Known as “Princess Pushy”, Princess Michael has suffered her fair share of gaffes during her years in the royal family, including the infamous “racist” brooch incident. This occurred when Princess Michael met Meghan Markle for brunch, all the while outfitted with a “blackamoor” brooch that features the bust of a human with black skin. Princess Michael apologised, with a spokesperson saying she was “very sorry and distressed that it has caused offence".And Lady Gabriella was not devoid of scandal, either. In 2018, the year before Kingston wed into the family, Lady Gabriella’s ex-boyfriend, Aatish Taseer, penned a bombshell article for Vanity Fair that, among other things, claimed they had taken MDMA in royal residences and swam naked in the Queen’s pool in Buckingham Palace. The article also alleged further racially-insensitive actions from Princess Michael, worsening her public profile. He referred to an article published in the New York Post with the headline ‘Royal Bigot’. The story claimed that Princess Michael had told some noisy customers (and people of colour) at Da Silvano, an Italian restaurant in Greenwich Village, to go back to the colonies. She denied it, saying: “I would never have said that.”
But Kingston didn’t care. He was thrust into public life in 2019 when the news of his proposal to Lady Gabriella, which took place on the Isle of Sark, in the Channel Islands, where his family has a holiday home, made the news in 2018. The pair had already been an item since 2015, having been introduced by mutual friends.

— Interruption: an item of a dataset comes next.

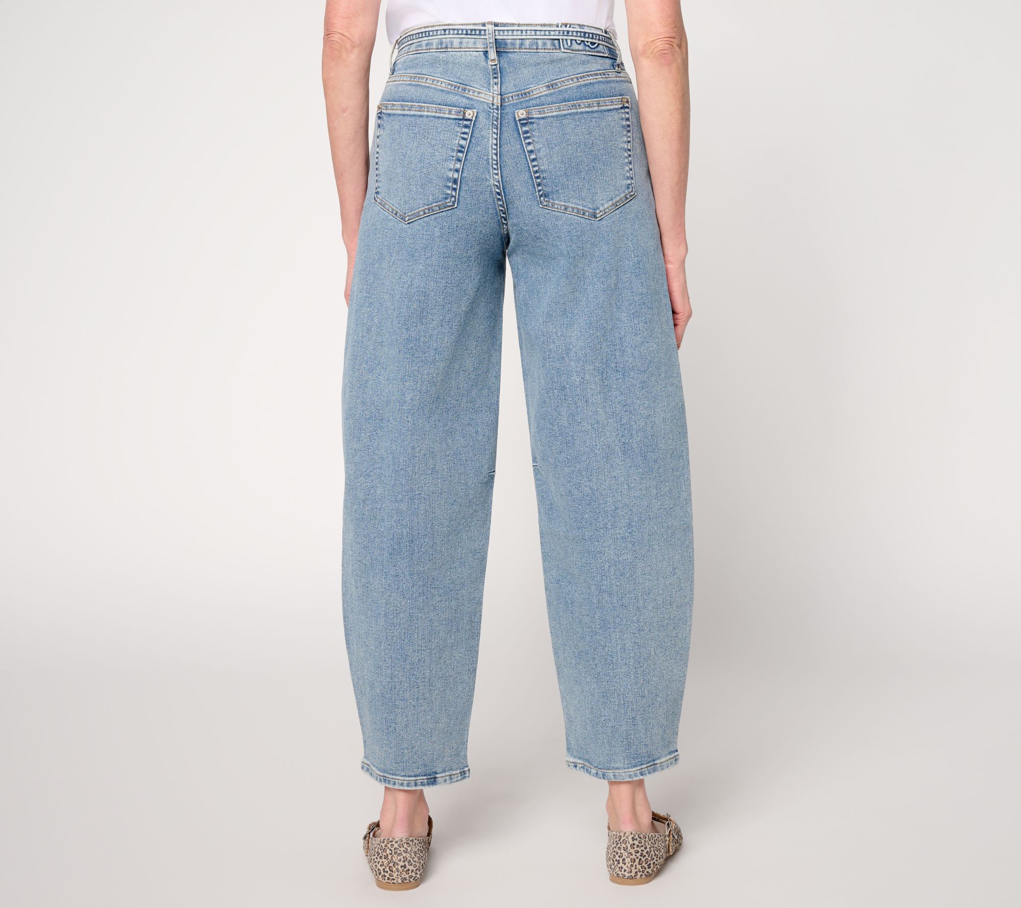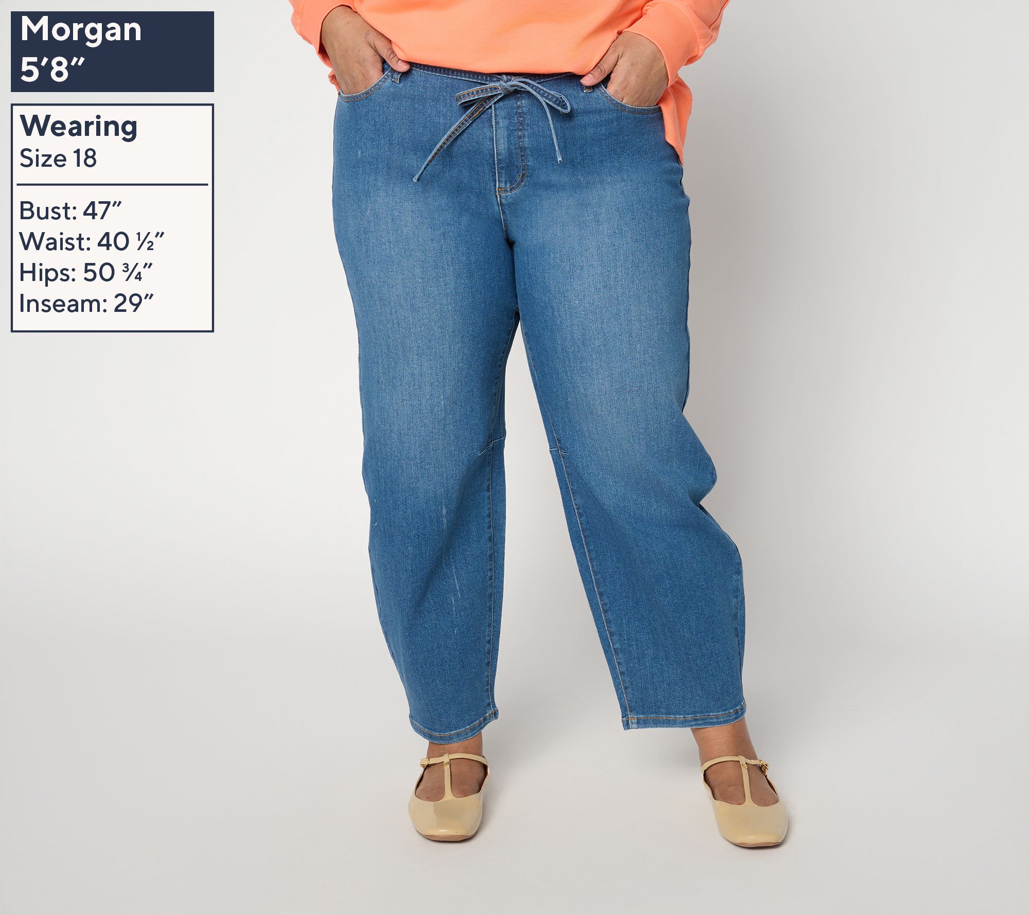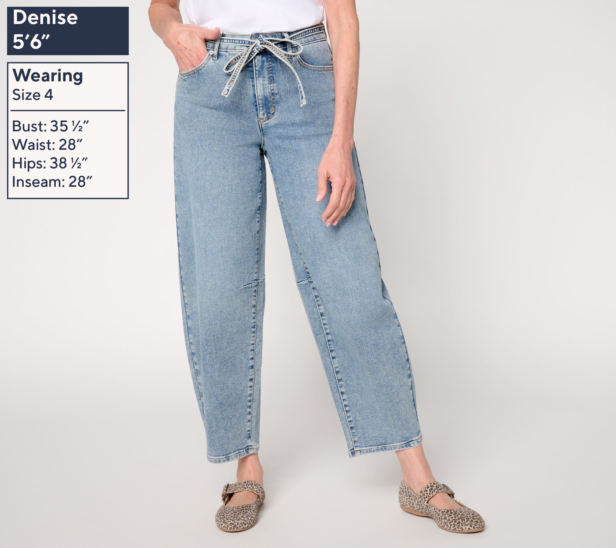 Fit to be tied! Style these denim pants for a coffee date or weekend errands and enjoy an easy, pulled-together vibe. Barrel-shaped legs, a tres-chic skinny self-tie at the waist, and classic five-pocket details create a modern fashion moment. From Me by Jenni Garth.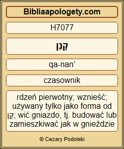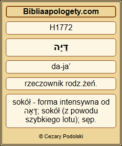 Tam H8033 się wąż H7091 gnieździć będzie H7077 i znosić H4422 jaja H1001 , wysiadywać H1234 młode H6089 i zgarniać H1716 je pod swój cień H6738 . Tam H8033 i sępy H1772 się zlecą H6908 , nie będą H3808 patrzeć H7200 szukając H1875 jeden H259 drugiego H7468 . |

He wed Lady Gabriella in a ceremony at St George's Chapel in Windsor Castle in May 2019, and the pair looked a picture of wedded bliss. The Queen, Prince Philip and Prince Harry were all in attendance, despite Harry becoming a father to Prince Archie just weeks beforehand. Also in attendance were Pippa Middleton, Downton Abbey creator Julian Fellowes, Lady Frederick Windsor (aka Sophie Winkleman, Claudia Winkleman’s sister). The only notable absence was Prince William, who was busy with his role as President of the Football Association, presenting the trophy at the FA cup final. Post-nuptial celebrations were held in Frogmore Cottage, the same location as Harry and Meghan’s wedding reception.
In the years since their marriage, the Kingstons have appeared happy and well at numerous public functions. Their last public appearance was just earlier this month, at a a celebration of Shakespeare’s work at the Grosvenor House Park Lane Hotel in London. Close friends of the couple told the MailOnline they seemed perfectly happy. "They seemed happy and positive as ever,” the close friend said. "Ella was particularly chatty." Another friend said: "It's utterly shocking. None of us saw it coming. I cannot understand it."
‘One of the last true English gentleman’ dies in the countryside
The discovery of Kingston’s body at his parent’s Gloucestershire home sent shockwaves around his family and the wider community. The Telegraph reports that Lady Gabriella’s brother, Lord Frederick Windsor, is understood to have informed Kingston’s closest friends of his death, including his three best men.
One close acquaintance told the newspaper: “We are so upset about the news, everybody loved him. He was kind, charming and thoroughly decent and one of the last true English gentlemen. It is beyond tragic and so hard to get one’s head around.”
The local sub post-master added: “We are all so sad to hear the terrible news. They are a lovely, gentle family who do a lot for the village and the church. They are a big part of the local community [...] Thomas popped into the shop a lot, he would come by every so often. I last saw him a few months ago. He was a very gentle soul, just like his father. Everyone is in shock, it’s really sad and very fresh.”